Headquartered in Malmo, Sweden, with U.S. headquarters in Irvine, Calif., Telelogic has been a major player in this market for many years, and its Doors product is one of the best-known brand names. Today, the company is set to announce the release of the 7.1 version of its venerable requirements management toolset. Analysts put Doors in the leadership spot in this market, though it is flanked by products from software heavyweights IBM Rational and Borland. The company claims more than 100,000 users in 1,300 companies around the world.

Telelogic bills Doors as a multiplatform, enterprise-wide system for capturing, linking, tracing, analyzing and managing changes to information to ensure a project's compliance to specified requirements and standards. The 7.1 release adds functionality that Gurd said was added based on customer demand. Telelogic meets regularly with officials from its larger customers -- including Motorola, Lockheed and Boeing -- which the company has organized into several Leadership Counsels, to get feedback on its products. ''We practice what we preach at those meetings,'' Gurd said. ''We actually go through a requirements capture exercise, discuss the requirements, prioritize them, and then give our customers a chance to talk to each other and share ideas. That's what formulated many of the requirements for this release.''

Doors 7.1 is designed to improve project team collaboration and communication throughout the development life cycle, and to help make the adoption of a requirements-driven development approach quicker and easier.
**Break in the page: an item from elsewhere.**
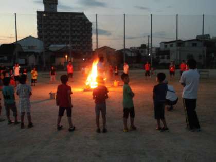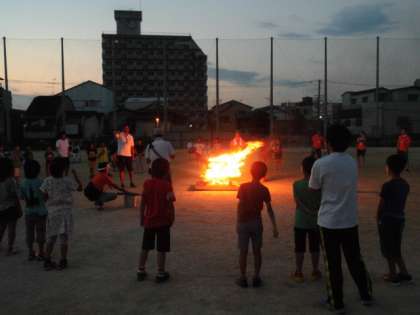 暗くなるにつれ、炎の明るさが増してきて、先生も子どもたちものりのりです。
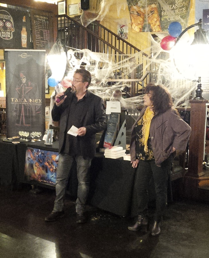 A cette soirée de lancement, la salle du bar était décorée pour l’occasion, et quelques cosplayers, représentant des personnages issus de l’univers du livre, étaient aussi présents. Marc Frachet a présenté l’univers d’InCarnatis, (dont nous parlerons plus en détail dans une chronique du livre très bientôt sur Le Mont des Rêves), en présence d’Odile Schmitt, qui en a profité pour nous lire un extrait de récit audio du premier tome. Une séance de dédicaces était ensuite organisée.

Specifically, the 7.1 version adds:
* A Test Tracking Toolkit for creating links from requirements to tests; it also ensures that requirements are covered by tests, generate test runs, record the results automatically and compare test run results.

* A Document Compare feature that allows developers to compare two requirements documents side-by side using an automatic redline feature to show all differences.

* New Tables that allow developers to see the multiple properties of each requirement within a single table cell, enabling more details to be viewed directly in the tables themselves without making them open additional windows.

* Support for more platforms, including Microsoft Windows 2003 Server and Microsoft Office 2003.

Telelogic Doors 7.1 starts shipping today for Microsoft Windows 2000 Professional and Server, Microsoft Windows NT 4.0, Windows XP, HP UX 11 (64 bit), Solaris 8 and 9, GNU/Linux, RedHat v8.0 (Doors server only), Microsoft Windows 2003 Server (Doors server only), Microsoft Office 2000/2002 (XP), Microsoft Office 2003, and FLEXIm 8 and 9.2 support.